As memórias do último clássico dos clássicos trazem imagens de um despique aceso debaixo de chuva, a 7 de Abril, que pecou apenas pelo facto de ter terminado sem golo, cenário que beneficiou os rubro e negros na conquista do quarto título consecutivo, por força da vitória na primeira volta.
Os números continuam a pender para o lado dos petrolíferos, detentores de 31 vitórias, contra 25 dos militares e 22 empates. No palmarés do Girabola, a vantagem é igualmente do clube do Eixo Viário, com 15 troféus, quando o colosso do Rio Seco, 13 conquistas, persegue o “penta”, de modo a alcançar o adversário no registo de cinco títulos seguidos.

Emoção e civismo
Os adeptos dos dois clubes têm sido os vencedores nos últimos frente-a-frente dos gigantes, pelo comportamento cívico e urbano adoptado antes, durante e depois dos desafios, com a particularidade de saírem do estádio de mãos dadas, independentemente do resultado. Além da casa cheia, ou na pior da hipótese bem composta, deseja-se a reedição da manifestação de cidadania, na certeza de que a rivalidade está longe de criar inimigos.
A passada goleadora das equipas permite antever uma disputa aberta e renhida, bem à imagem da filosofia de jogo dos dois treinadores, devotos do futebol de ataque. Dragan Jovic, obreiro do crescimento competitivo do 1º de Agosto, nos últimos cinco anos, tem experiência suficiente na prova para encarar o rival com naturalidade, confiança replicada por Antonio Cosano no Petro de Luanda, agora mais senhor do seu destino, por ter iniciado a época.
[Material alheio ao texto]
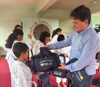Farol – Os alunos do projeto de Karatê de Farol, mantido pela prefeitura, foram avaliados por exames de graduação de faixa e receberam mochilas esportivas. O prefeito Oclecio Meneses participou da entrega.

A julgar pela produção dos emblemas, estão reunidas as condições para uma tarde de emoções intensas, dentro das quatro linhas e na bancada, em mais uma boa propaganda do futebol angolano, que ganha visibilidade no continente e no mundo.
Sem Zito Luvumbo, uma das referências do Mundial de Sub-17 em curso no Brasil, os militares, líderes com 27 pontos, devem apostar no grosso das suas primeiras escolhas, depois da recuperação de Ary Papel e Kila, que durante a ausência permitiram a afirmação de Nelson da Luz e Mongo, desequilibradores nos últimos triunfos.
Do Catetão chega uma mensagem de coerência e certeza no trabalho desenvolvido. O nome e o peso do adversário não interferem nas escolhas, por isso a equipa inicial dos tricolores, agora terceiros classificados, 23 pontos, mantém os titulares, cenário que afasta a possibilidade de Herenilson, jogador em final de contrato, deixar o banco e formar dupla com Além, no meio-campo.